Further, since the electric drive means is connected to the driven part, the electric drive means is compared with the driven part to obtain a desired rotational speed (for example, 625 rpm) for steady printing operation in the driven part. It must be used in a state with low efficiency. In addition, the use of the above-mentioned special electric drive means not only increases the cost, but also makes it difficult to stock special parts in consideration of failures and repairs. High precision is required.

Further, in the driving devices disclosed in Japanese Patent Application Laid-Open Nos. 8-85196 and 8-103996, the axis of the rotor shaft of the electric driving means coincides with the axis of the end shaft of the driven portion. And since it is provided at right angles to the frame of the printing unit, the amount of projection in the direction perpendicular to the frame surface of the printing unit becomes large, and the occupied space in the direction perpendicular to the frame as the printing unit is relatively large. large. SUMMARY OF THE INVENTION An object of the present invention is to provide a drive unit for a printing unit that solves the above-mentioned problems of the related art at once.

[0017]

According to the present invention, a drive unit for a printing unit according to the present invention is provided in each of at least one printing unit and at most the same number of folding units as printing units provided in a rotary press. Center line of rotor shaft
Is horizontal and parallel to the frame of the printing unit
Electric drive means which is housed inside the edge of the frame and is capable of individually driving the driven parts of each unit; a coupling mechanism which operatively connects the driven parts and the electric drive means; Each unit when power supply to the electric drive means is cut off
The row a driven portion of each to individually braking operation
It is composed of a braking mechanism provided between the motor shaft and the end shaft of the driven part .

[0018] Then, all or some selectively electrically combination of each electric drive unit, by operating in synchronism, with may be operated in unison all or some of each printing unit and folding unit To the electric drive means
When the power supply is cut off, each of the synchronized
Each driven unit of the unit is individually braked
And all or some of the folding units can be stopped at the same time. In addition, the coupling mechanism is
Equipped with a gear reduction mechanism that connects the dynamic drive means in an interlockable manner
And it may have.

For example, the electric driving means is provided in each of at least one printing unit and at most the same number of folding units as the printing units provided in the rotary press, and the center line of the rotor shaft is horizontal and Printing unit
So that it is parallel to the
It is housed inside and can individually drive the driven parts of each unit, and the coupling mechanism includes a gear reduction mechanism that is operatively coupled to the driven part and the electric driving means. and the braking mechanism can be supplied with fluid pressure when not energized.
Connection with fluid pressure source via solenoid valve switched
This is a hydraulic pressure-operated braking mechanism provided .

[0020]

In the printing unit driving apparatus according to the present invention, the respective electric driving means of the plurality of printing units in the rotary press are activated to perform desired printing, and the printing operation is performed via the connecting mechanism by the rotation operation of the electric driving means.
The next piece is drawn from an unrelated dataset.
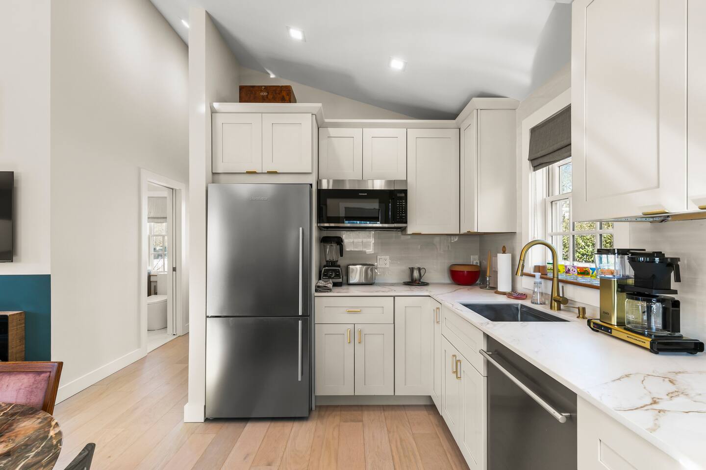 ✨ PROPERTY HIGHLIGHTS ✨ Welcome to your stylish Provincetown escape! This newly built 2BD/2BA cottage in the heart of the East End offers the perfect blend of historic charm and modern luxury—all just steps from the beach and Commercial Street’s top restaurants, art galleries, and nightlife. Inside, you’ll find high-end finishes, original artwork, and carefully curated furnishings designed for those who appreciate fine design. The open-concept living space, with vaulted ceilings and chic reclaimed wood accents, creates a warm and inviting atmosphere. The primary suite is a true retreat, featuring a spa-like bathroom with a steam shower, dual vanity, and heated floors—perfect for unwinding after a day at the beach. Book your stay in one of Provincetown’s most stunning new homes! ** This home features delicate antiques, unique artwork, and high-end décor that require thoughtful care, making it best suited for adult guests traveling without children. ** ⸻ ✨ Key Features: ★ 2 Elegant Bedrooms – Comfortable and inviting, designed for restful nights after exploring Provincetown. ★ 2 Spa-Like Bathrooms – The primary bath boasts a luxurious steam shower, dual vanity, and heated flooring for ultimate relaxation. ★ Gourmet Kitchen – Fully equipped with sleek Dekton countertops and stainless steel appliances, making meal prep a breeze. ★ Open-Concept Living Area – Vaulted ceilings, recessed and artwork lighting, and custom wrought iron railings create a spacious and stylish atmosphere. ★ Private Outdoor Space – Enjoy gatherings or quiet moments in the beautifully landscaped yard. ★ Prime Location – Steps from Commercial Street, the beach, renowned restaurants, eclectic shops, and art galleries. ★ Parking Included – Your designated off-street parking space steps from the entryway. ⸻ ✨ THE SPACE ✨ East End Escape is designed to offer sophisticated comfort and refined elegance. Whether you’re sipping morning coffee in the sun-drenched living area or unwinding in the spa-like primary bathroom, every detail has been carefully curated to enhance your stay. With museum-quality artwork, delicate furnishings, and high-end finishes throughout, this home is best suited for adult travelers who appreciate fine design. Families traveling with young children will find our home less-than-ideal due to the fragile nature of the décor and the replacement cost of anything broken, ⸻ ✨ BEDROOMS & BATHROOMS ✨ The two well-appointed bedrooms provide a peaceful retreat, while the beautifully designed bathrooms offer spa-like indulgence, complete with a steam shower and heated floors in the primary suite. ⸻ ✨ KITCHEN & DINING ✨ Cook in style with top-tier stainless steel appliances and Dekton countertops. The open layout ensures a seamless flow between the kitchen and living space, perfect for entertaining. ⸻ ✨ OUTDOOR SPACE ✨ The private fenced side yard provides an ideal space for relaxation or socializing, while the manicured front yard adds to the home’s charm. ⸻ ✨ LOCATION HIGHLIGHTS ✨ ✮ 1-Minute Walk to the Beach – Start your day with a peaceful sunrise or an evening stroll. ✮ 2-Minute Walk to Commercial Street – Explore the best of Provincetown’s dining, shopping, and entertainment. ✮ 5-Minute Walk to Berta Walker Gallery – Immerse yourself in Ptown’s renowned art scene. ✮ 7-Minute Walk to East End Market – Grab fresh coffee, pastries, and gourmet groceries. ✮ 10-Minute Walk to The Mews Restaurant + Café – Enjoy waterfront dining with a refined menu. ✮ 22-Minute Walk to MacMillan Pier – Catch a ferry, go whale watching, or take in the harbor views. ⸻ ✨ THINGS TO KNOW ✨ ✔ Not Suitable for Young Children – Due to the presence of delicate artwork, antiques, and designer furnishings, this home is best for adult guests. Families traveling with young children will find our space challenging to navigate. ✔ Smoke-free property – No smoking is permitted indoors. ✔ Air-conditioned – Equipped with efficient cooling for warm summer days. ✔ Stair Access – The home features stairs inside and leading to the entrance. ⸻ ✨ BOOK YOUR STAY TODAY! ✨ Whether you’re seeking a relaxing retreat or an adventure-filled getaway, East End Escape is the perfect Provincetown sanctuary. Reserve your stay now and experience the charm of the East End! ⸻ ✮ PARKING INFORMATION ✮ A designated parking space is included with the property. Additional parking may be available in town lots or metered spaces. Provincetown enforces metered parking from April 1st - November 3rd (8 AM - Midnight). Parking is free in town lots from November 4th - March 31st.

Each torso of the unit is rotated simultaneously. When power is supplied to the electric driving means at the time of activation of the electric driving means, the braking mechanism, for example, the fluid pressure operated braking mechanism via the electromagnetic valve is brought into an inoperative state. That is, while the printing unit is operating, the braking mechanism is not operating.

When the power supply to the electric drive unit is interrupted during operation of the printing unit, that is, during the rotation operation of the electric drive unit, for example, when the power supply to the electric drive unit is cut off due to a power failure, erroneous operation, or the like, a braking mechanism, for example, The hydraulically actuated braking mechanism via the solenoid valve is activated and brakes the rotation of all rotating parts of the printing unit, including the electric drive means.

Therefore, even if the power supply to the electric drive unit is cut off, all rotations in the printing unit including the electric drive unit that continues to rotate by inertia force, that is, the uncontrolled rotation, are stopped. I do. Therefore, in a rotary press, a plurality of printing units that are performing a printing operation stop at the same time without being individually and independently stopped in a non-controlled state.

BEST MODE FOR CARRYING OUT THE INVENTION

A drive unit for a printing unit of a rotary press according to an embodiment of the present invention will be described with reference to the drawings. The drive unit of the printing unit of the rotary press according to the embodiment of the present invention includes a printing unit P in a rotary press including a plurality of printing units P, P... Together with a folding unit F as illustrated in FIG. Applied to In FIG. 4, the driving device D of the printing unit P is shown in an exposed state.

The driving device D of the printing unit P is, for example,
As shown in FIG. 1, the web paper is provided with two pairs of printing couples consisting of a plate cylinder PC and a blanket cylinder BC, the two blanket cylinders BC and BC being brought into contact with each other and through a web paper (not shown). Is applied to a so-called BB type offset printing press capable of printing on both sides.

As shown in FIG. 1, the driving device D of the printing unit P is provided between the electric driving means 1 and the journal Ja of the plate cylinder PC which is the most upstream side of the driven part. A gear reduction mechanism 3 that constitutes a part of a coupling mechanism that connects the two gears so as to be able to interlock with each other, and a braking mechanism 5 that is interposed between the electric drive means 1 and the gear reduction mechanism 3 are provided.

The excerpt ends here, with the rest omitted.